Background

Non-alcoholic fatty liver disease (NAFLD) is an emerging worldwide epidemic, which will replace viral hepatitis as major cause of hepatic mortality within the next decades [1]. The spectrum of NAFLD comprises both simple steatosis and non-alcoholic steatohepatitis (NASH): while simple steatosis has a low risk of disease progression, a relevant proportion of NASH patients will develop fibrosis and ultimately cirrhosis [2]. In this regard, presence of fibrosis is the strongest predictor for liver related morbidity and mortality [3].

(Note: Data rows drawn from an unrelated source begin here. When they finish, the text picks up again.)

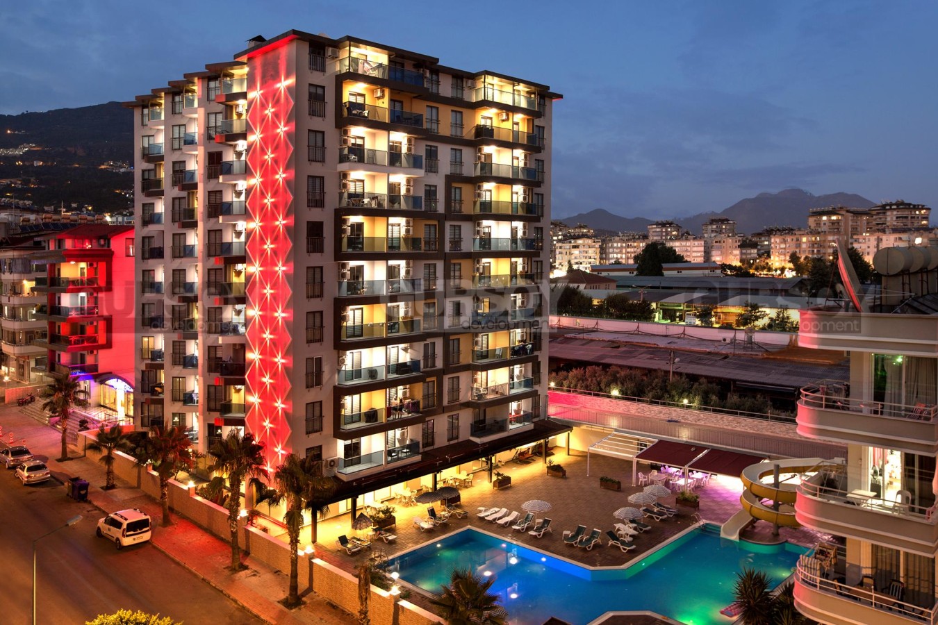 Квартира расположена в центре Алании – одном из самых престижных районов города. Вся необходимая инфраструктура, включая магазины, кафе, рестораны, школы и медицинские учреждения, находится в шаговой доступности. До пляжа всего 900 метров, что делает этот вариант привлекательным как для постоянного проживания, так и для сдачи в аренду.
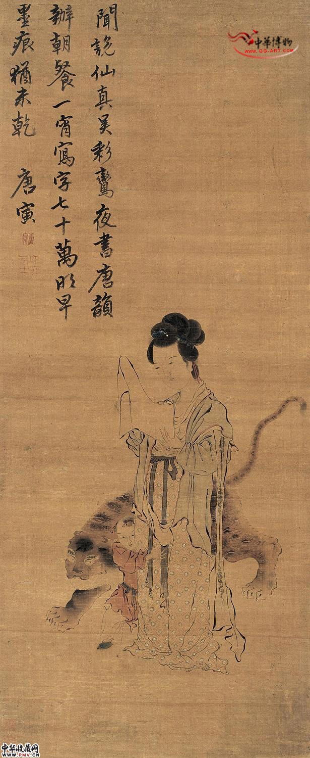 钤印:唐伯虎、六如居士题识:闻说仙真吴彩鸾,夜书唐韵伴朝餐。一宵写字七十万,明早墨痕犹未干。唐寅。 唐寅,自署晋昌唐寅,字伯虎,一字子畏,号六如居士,吴县(今江苏苏州)人。弘治十一年举应天解元。治圃舍于桃花坞。作画行笔极秀润缜密,而有韵度。人物、仕女、楼观、花鸟,无不臻妙。书法入赵孟俯堂庑。
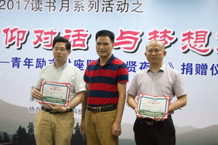 本网讯 为了营造良好的读书氛围,激励在校大学生勇于追求梦想,5月19日下午,我校与共青团惠州市委员会共同在图书馆报告厅举办了2017读书月系列活动之《近贤夜话》新书捐赠仪式暨青春励志讲座。学校副校长刘国栋,共青团惠州市委副书记邬文钧,惠州市作协主席陈雪,惠州报业传媒集团新闻热线工作室负责人,《近贤夜话》作者张元基,炜达科技股份有限公司董事长杨少伟,图书馆、学生处、团委、文学与传媒学院等主要负责人和300多名师生参加了本次活动。
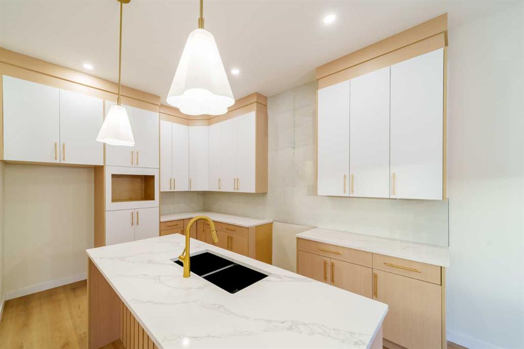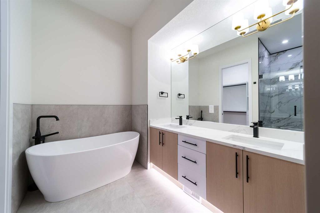 The primary bedroom is a great place to unwind. It comes with a five piece ensuite and a walk in closet. There’s also a second bedroom on the main floor, plus a full four piece bathroom and a laundry room with a sink.
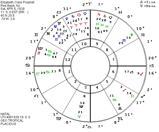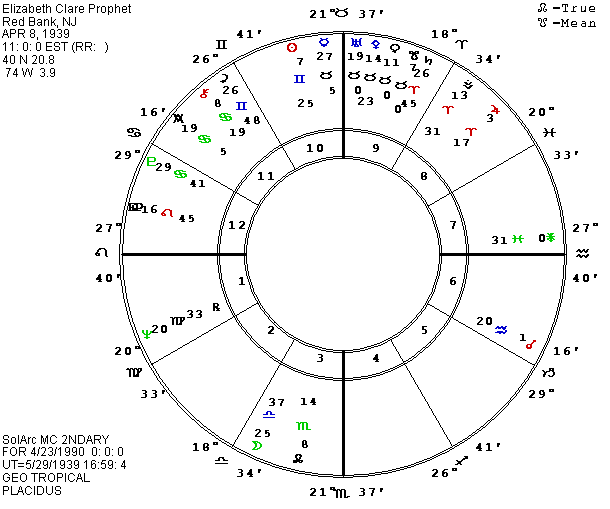 The other reason for pushing ahead with this Asteroid-World is that the recent Data News from Lois Rodden reports a typo in the information on Elizabeth Clare Prophet. Unfortunately, I did not look for the noon chart I had once done for Prophet. I remembered a fire emphasis with an Aries stellium, assumed that Lois’ data was ok and used her information for the chart delineated in the last The Mutable Dilemma. It is pretty amazing how appropriate the wrong chart was, but I have seen that happen often in astrology. According to the new information from Lois, Prophet was actually born in 1939 instead of 1919. The earlier year put progressed (P) Jupiter on the Ascendant for years. The 1939 chart puts P Jupiter on the MC for years. Instead of P Elizabeth conjunct Neptune, we have it opposite the Ascendant (along with P Michel for Mikhail) as Prophet prepares to take her followers underground to escape a potential attack from Russia. So please mark in the article on Prophet in the Gemini 1990 Mutable Dilemma that the chart is wrong, and that the correct (we hope) chart is to be found in this summer 1990 Asteroid-World.
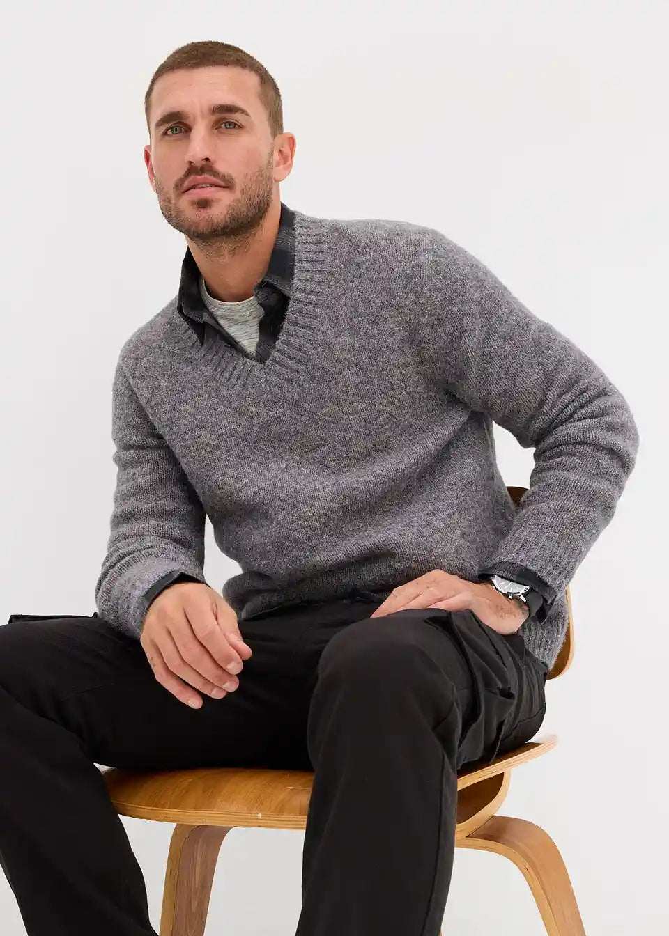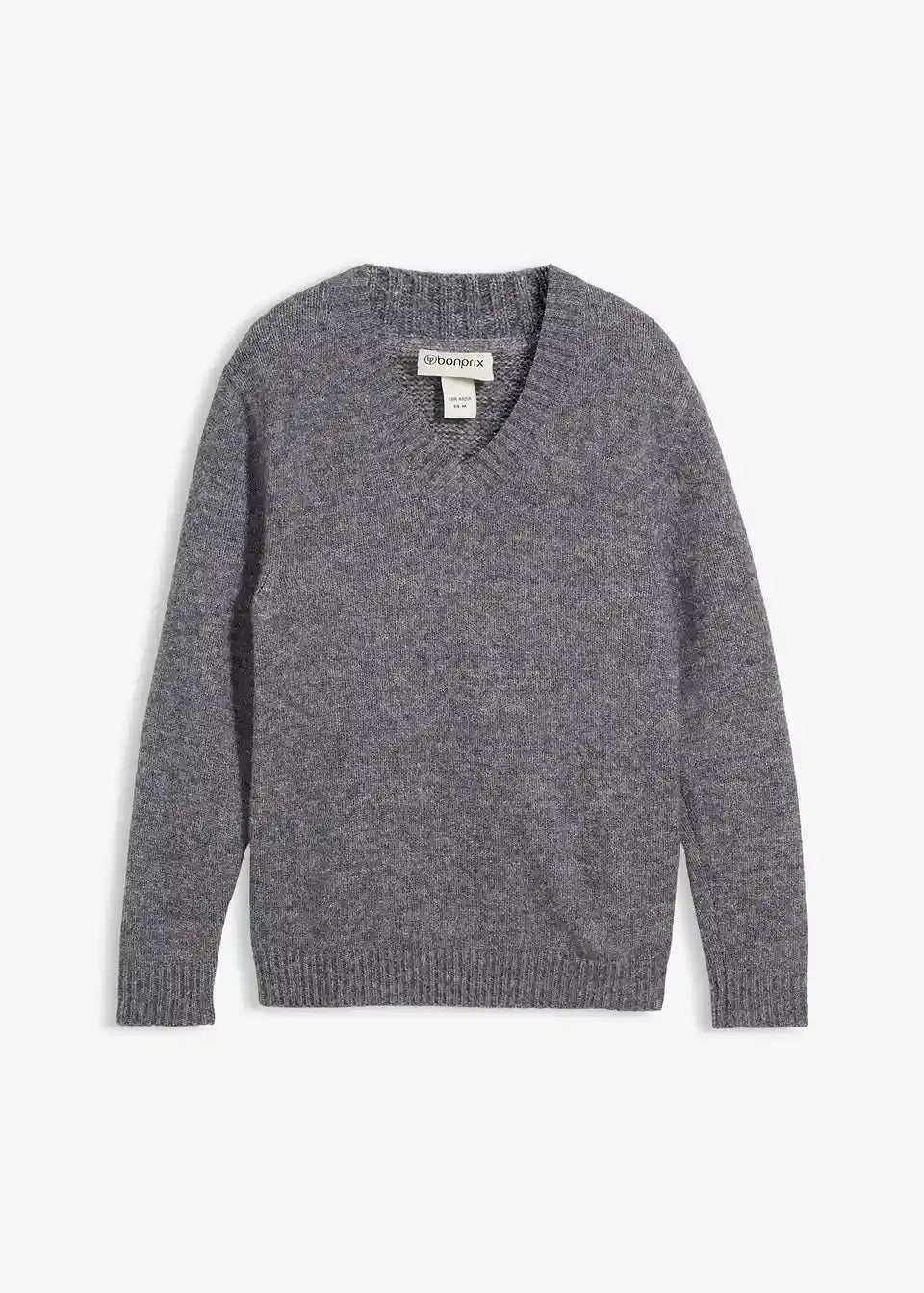 Schöner flauschiger Pullover mit V-Ausschnitt
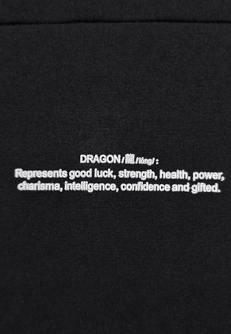 - Back Slogan with " DRAGON / 龍 / long : Represents good luck, strength, health, power, charisma, intelligence, confidence and gifted. "
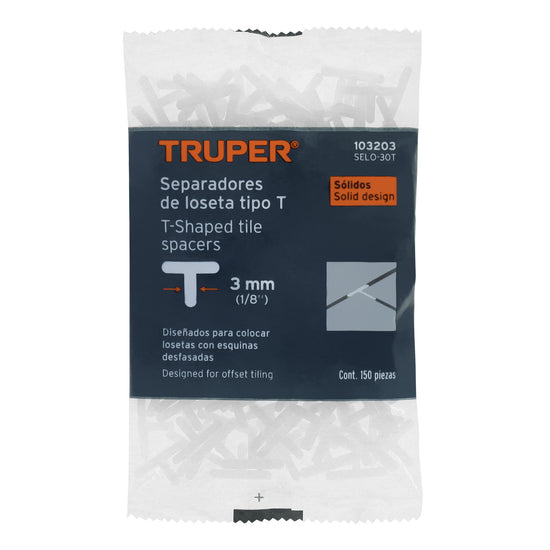 Bolsa con 150 separadores 'T' de 3 mm de losetas, TRUPER Caja con 6, 103203Bolsa con 150 separadores 'T' de 3 mm de losetas, TRUPER Caja con 6, 103203Bolsa con 150 separadores 'T' de 3 mm de losetas, TRUPER Caja con 6, 103203
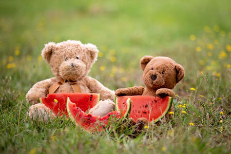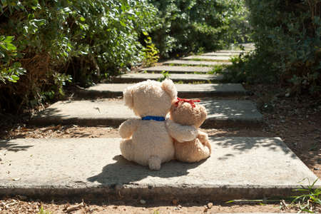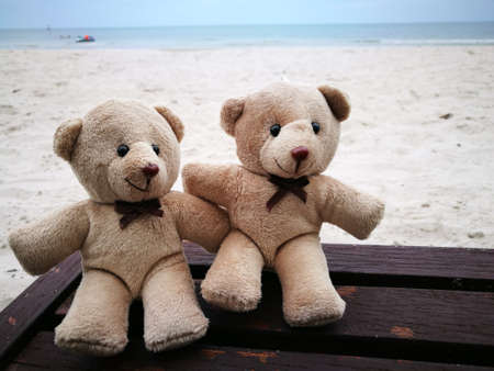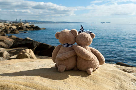 Two teddy bears sitting sea view. Love and relationship concept. Sunlight in the summer.

Traditionally, liver biopsy is considered as the gold standard method for the diagnosis and fibrosis staging of NAFLD [4]. However, due to potential complications and diagnostic limitations (i.e. sampling errors and restricted repeatability), various non-invasive techniques for diagnosis and estimation of disease severity have been proposed [5]. Among them, ultrasound-based methods for assessment of liver stiffness (elastography) have shown high accuracy in discriminating patients at risk for advanced fibrosis and impaired prognosis in different chronic liver diseases including NAFLD [6]. Recent advancements of elastography methods allow the characterization of liver steatosis simultaneously with liver stiffness measurement (LSM), e.g. with the controlled attenuation parameter (CAP) software [7]. However, while non-invasive estimation of fibrosis and liver steatosis has already been implemented in clinical practice, serum-based biomarkers for the presence of NASH such as liver enzymes and ferritin show limited accuracy, although they are widely used in clinical practice [4, 5]. Hence, the precise characterization of hepatic inflammatory activity still relies on histological assessment, which is a major drawback for diagnosis of NASH in clinical practice [1].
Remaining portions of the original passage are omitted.